No matarás, no robarás, no… Así lo dictan los decálogos éticos de las principales religiones monoteístas. Igualmente, en todo el mundo, constituciones políticas, normas de buena conducta, reglas y principios de acción son más o menos compendios donde se describe con detalle determinadas interdicciones y las respectivas puniciones ante su incumplimiento, trasgresión o directamente violación. De forma similar a como ocurre con el cristianismo, en el que el “pecado” puede cometerse por acción, omisión, palabra o pensamiento, en el Derecho siempre encontraremos las mismas figuras de interdicción (exceptuando quizás por nuestros íntimos pensamientos, que ningún ser humano puede conocer, salvo nosotros mismos), que si bien remozadas y adecuadas a determinadas situaciones específicas para cada cultura, dada su omnipresencia, vendrían a representar una característica propia de nuestra especie.
Pero sí, podemos asegurar que el castigo es un hecho sociológico e histórico, del cual sólo deberíamos temer sus excesos y sus injusticias, pero no su existencia misma (pues toda punición sirve objetivamente para prevenir los desbordes), ¿dónde quedó la recompensa para las “buenas acciones”? Efectivamente, las recompensas a los logros también han existido a lo largo de la historia, pero en general han sido menos numerosas que los castigos, y en cuanto a su “impacto” –trátense de los actuales premios Nobel o de las antiguas distinciones que recibían los bravos guerreros–, quizás no superen el que producen las máximas puniciones como la horca, la guillotina, el fusilamiento, el linchamiento, etc., como formas desbocadas de la violencia.

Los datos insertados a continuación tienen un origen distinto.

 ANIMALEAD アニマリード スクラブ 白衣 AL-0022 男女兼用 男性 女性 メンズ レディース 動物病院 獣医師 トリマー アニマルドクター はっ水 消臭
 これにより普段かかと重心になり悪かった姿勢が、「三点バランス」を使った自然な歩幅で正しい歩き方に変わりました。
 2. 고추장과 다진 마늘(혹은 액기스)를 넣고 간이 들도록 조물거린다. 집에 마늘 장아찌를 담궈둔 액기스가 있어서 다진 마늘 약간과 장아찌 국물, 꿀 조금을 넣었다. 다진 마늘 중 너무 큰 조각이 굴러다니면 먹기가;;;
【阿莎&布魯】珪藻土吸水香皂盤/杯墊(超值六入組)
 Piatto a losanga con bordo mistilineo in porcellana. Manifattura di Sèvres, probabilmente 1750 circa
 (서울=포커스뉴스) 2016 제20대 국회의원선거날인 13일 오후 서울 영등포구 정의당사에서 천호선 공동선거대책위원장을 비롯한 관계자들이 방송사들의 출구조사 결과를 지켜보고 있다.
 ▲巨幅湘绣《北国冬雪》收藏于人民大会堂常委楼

Aquí existe una clara asimetría entre el castigo y la recompensa. A no ser que se traten de eventos realmente excepcionales, las recompensas no se las concede normalmente por las pequeñas acciones diarias que se estima socialmente como “buenas” o “benefactoras”, mientras que su trasgresión, o peor, la subversión de las mismas provoca un efecto inmediato, un castigo. Es algo propio de muchas culturas y que data de la antigüedad. Así, para el filósofo Sócrates, es mejor padecer un mal que cometerlo, y si se ha cometido alguna injusticia o mal, es peor aún escapar del castigo que ser castigado… ello por su propio bien y el de la sociedad en que vive. Dicho con discreción, el castigo se impone por sí mismo como necesario y bueno.

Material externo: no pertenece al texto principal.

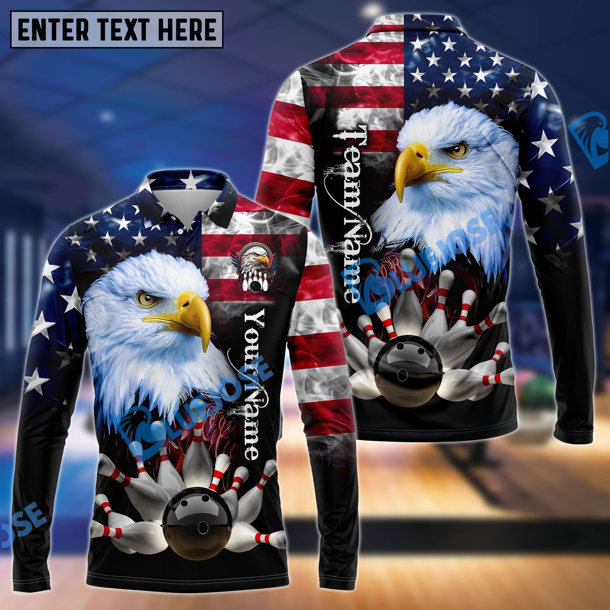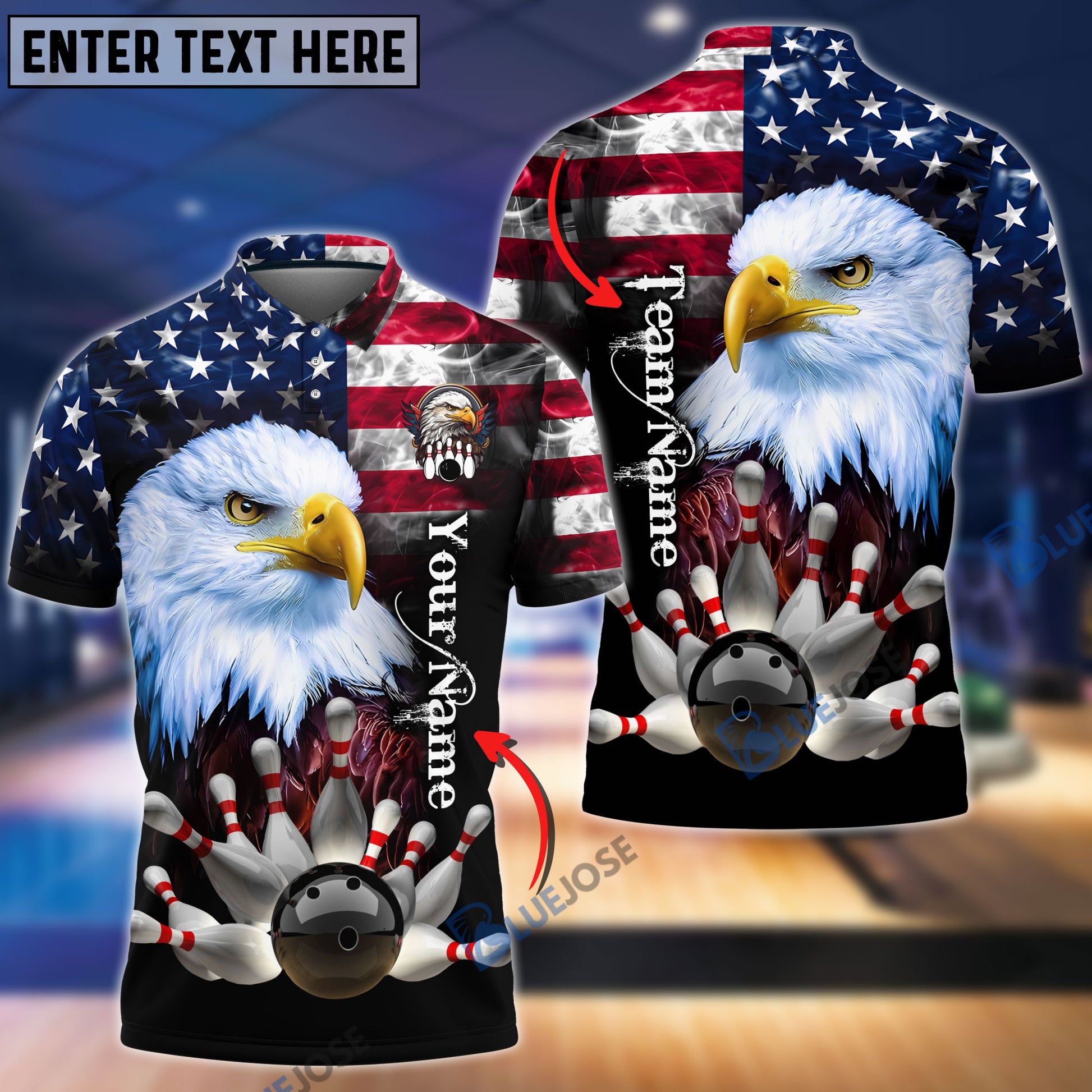BlueJose Bowling American Eagle Customized Name, Team Name 3D Shirt

Y esto lo vemos cada día, en nuestra vida corriente. Por ejemplo, sea porque en la mañana un joven nos empuje en la calle sin pedirnos perdón, o porque un vecino bote la basura en un espacio público que debiera tenerse limpio, y aunque no exista un castigo efectivo en los hechos, como una reprimenda o un insulto, nuestro rechazo será inmediato. En cambio, un simple gesto de ayuda del mismo joven hacia un anciano, o del mismo vecino respecto de su ciudad, las más de las veces acabarán como una gentil sonrisa, o con un simple “gracias”. Claro está, toda sociedad tiene para sí sus propios criterios de urbanidad y de respeto por los demás, y lo más lógico sería pensar que debieran cumplirse sin que exista un premio de por medio, justamente porque se trata de un conjunto de códigos de convivencia colectiva, a veces no escritos, que se supone todo el mundo respeta y pone en práctica. Y sin embargo constatamos en los hechos otra realidad.
Poco a poco la transgresión, en todos sus sentidos, se transforma en la norma. De hecho, el endurecimiento de las condenas penales, aunque comprensible en ciertos contextos, no debiera ser justificable sin más. Castigar con severidad extrema hechos graves implica una escalada de violencia. Esto porque la lógica de este endurecimiento es una respuesta violenta (legitimada, pero violenta, al fin y al cabo) ante actos de violencia que precisamente se quiere erradicar.
Sí, es cierto que los humanos funcionamos eficientemente a través del “castigo”, pues así lo demuestran la psicología y hasta la biología. Pero también es cierto que la “recompensa”, bien empleada, puede convertirse en un excelente reforzador de determinadas conductas y puede promover buenos comportamientos. Esto exigirá una reingeniería del corazón y de la mente. Y después de todo, si nuestra especie ha sido capaz de logros materiales sorprendentes, ¿por qué no pensar en una sociedad mejor y que evolucione hacia el bien colectivo? Acaso sea una utopía más, pero nunca lo sabremos realmente si no nos ponemos manos a la obra. Premiar las buenas acciones es mejor que castigar las malas acciones.